O tema da especialização jornalística foi abordado esta semana no oportuno seminário "Jornalismo: Transmissão de Conhecimentos ou Degradação do Saber?", que teve lugar no Convento da Arrábida, em Sintra. E foi oportuno por várias razões.
Primeiro, porque ocorreu dias depois da morte da princesa Diana e da discussão planetária que se seguiu sobre a responsabilidade dos terroristas da fotografia, conhecidos pelo nome de "paparazzi", no acidente. Por arrastamento, a generalidade dos jornalistas foi posta em causa pelo público.
Segundo, porque levantou questões prementes relativas ao campo jornalístico, como o impacto das novas tecnologias, o futuro próximo dos meios de comunicação social, os imperativos éticos versus imperativos financeiros e a formação profissional. Ninguém tem hoje dúvidas de que as coisas estão a mudar rapidamente. E isso exige particular atenção e reflexão por parte, não apenas dos jornalistas, mas também dos professores, empresários e organismos ligados aos media. O jornalismo tocado de ouvido não tem grande futuro.
Terceiro, porque o debate de Sintra se revelou mais um bom contributo, até pela repercussão obtida nos jornais, para a discussão do jornalismo em Portugal. Há ainda muito boa gente a acreditar piamente que isto não é assunto para discutir de portas abertas.
A questão da especialização gravita cada vez mais em torno do público ou, melhor dizendo, públicos. O público vai-se libertando gradualmente dos monopólios de oferta - veja-se a dinâmica introduzida no panorama mediático português com o aparecimento das televisões privadas e da TV por cabo - para se constituir em públicos disseminados por determinadas áreas de interesse.
O caso das revistas especializadas é outro exemplo. Nos últimos tempos multiplicam-se como cogumelos nos quiosques. Ele é revistas para fãs do todo-o-terreno, surfistas de fim-de-semana, modas berrantes, jet-set batido, marias e corações, vida no campo, design e publicidade, cães, gatos e pássaros e por aí adiante. A tendência para a fragmentação é galopante e alguns temem mesmo que, com o advento dos jornais e revistas electrónicas, as pessoas se isolem nos seus silos de interesse e percam gradualmente a capacidade de falarem de temas do dia-a-dia.
Neste contexto, caberá aos media de informação geral servirem de contrapeso à tendência fragmentadora. Eles são um pouco a "cola" social, garantindo a manutenção da agenda dos assuntos de interesse da sociedade. No entanto, sendo por natureza generalistas, vêem-se agora na contingência de terem de fazer boa ginástica para, sem perderem as suas características essenciais, responderem aos novos desafios.
Caso particularmente agudo é o dos jornais diários e semanários. Como vão eles, que têm visto as suas vendas diminuirem um pouco por toda a Europa e nos Estados Unidos, ombrear com a oferta avassaladora das televisões, dos canais por cabo, da vindoura TV digital, da Internet, das publicações especializadas? Como escrevia recentemente o director do Público, a resposta passa certamente pela aposta na qualidade.

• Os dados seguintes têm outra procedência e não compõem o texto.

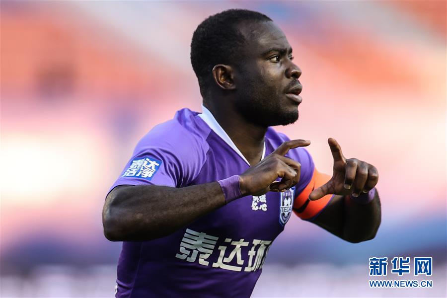 10月16日,天津泰达队球员阿奇姆彭进球后庆祝。 当日,在2020中国足球协会超级联赛第二阶段(大连赛区)首场比赛中,天津泰达队以2比0战胜深圳佳兆业队,获得本赛季首场胜利。 新华社记者潘昱龙摄

É aqui que entra a necessidade de especialização dos jornalistas. Para quê? Para que os assuntos sejam bem explicados e não apenas relatados aos leitores. Para que o jornalista não seja apenas pé de microfone e possa enquadrar devidamente as matérias. Para que não "engula" passivamente tudo o que os "especialistas" lhe debitam para o gravador. Para que seja capaz de, num mundo pejado de dados em bruto, ajudar o leitor a orientar-se nos assuntos da actualidade.

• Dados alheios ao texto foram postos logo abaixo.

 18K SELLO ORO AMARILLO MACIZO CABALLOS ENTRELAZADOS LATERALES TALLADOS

A especialização tem, no entanto, os seus escolhos. A serem evitados a todo o custo. Dominar uma área específica, como, por exemplo, a economia ou a informática, deve levar o profissional a explicar de forma acessível e autorizada os assuntos e não a exibir verborreia técnica ou maestria pedante. A sapiência pode ser posta ao serviço da simplicidade e da pertinência. Ao mesmo tempo, o profundo conhecimento de uma árvore não deverá impedir o jornalista de conhecer bem o resto da floresta.